YOUR GOAL: Transcribe the listing below exactly, leaving out each image.

START SOURCE MATERIAL

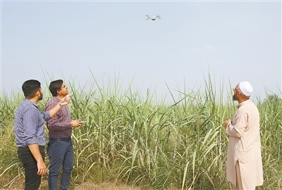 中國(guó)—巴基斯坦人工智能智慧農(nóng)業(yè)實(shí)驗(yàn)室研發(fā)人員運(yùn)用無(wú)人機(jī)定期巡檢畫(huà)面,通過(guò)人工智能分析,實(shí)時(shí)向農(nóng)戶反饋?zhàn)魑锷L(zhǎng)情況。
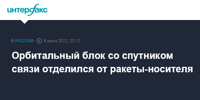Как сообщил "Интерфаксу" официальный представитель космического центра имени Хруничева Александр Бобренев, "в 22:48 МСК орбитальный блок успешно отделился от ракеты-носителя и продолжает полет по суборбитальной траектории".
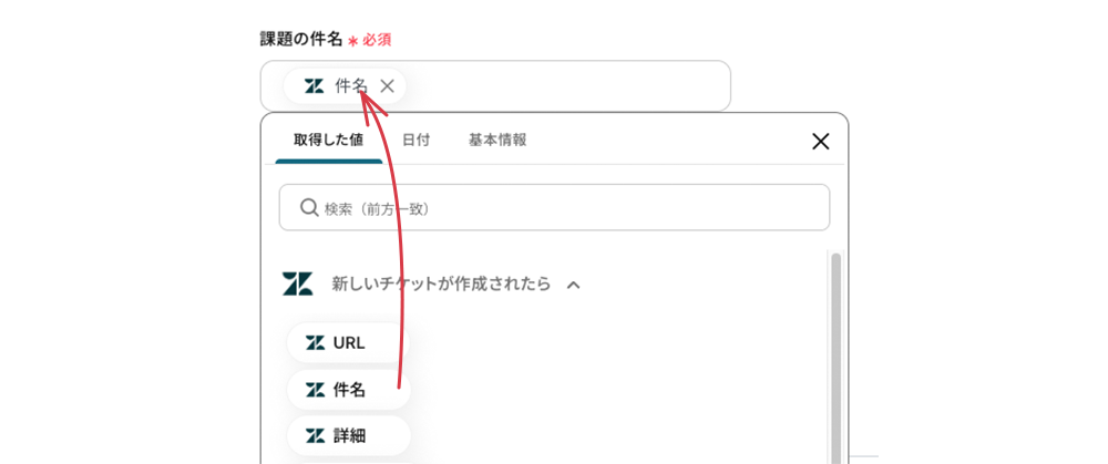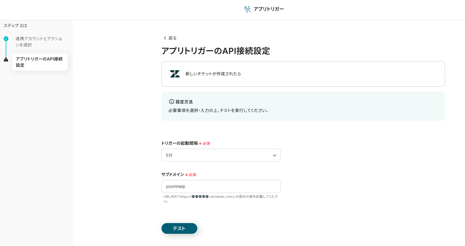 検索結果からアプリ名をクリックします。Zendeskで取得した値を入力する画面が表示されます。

END SOURCE MATERIAL

RESPONSE TO THE TASK:
 中國(guó)—巴基斯坦人工智能智慧農(nóng)業(yè)實(shí)驗(yàn)室研發(fā)人員運(yùn)用無(wú)人機(jī)定期巡檢畫(huà)面,通過(guò)人工智能分析,實(shí)時(shí)向農(nóng)戶反饋?zhàn)魑锷L(zhǎng)情況。
Как сообщил "Интерфаксу" официальный представитель космического центра имени Хруничева Александр Бобренев, "в 22:48 МСК орбитальный блок успешно отделился от ракеты-носителя и продолжает полет по суборбитальной траектории".
 検索結果からアプリ名をクリックします。Zendeskで取得した値を入力する画面が表示されます。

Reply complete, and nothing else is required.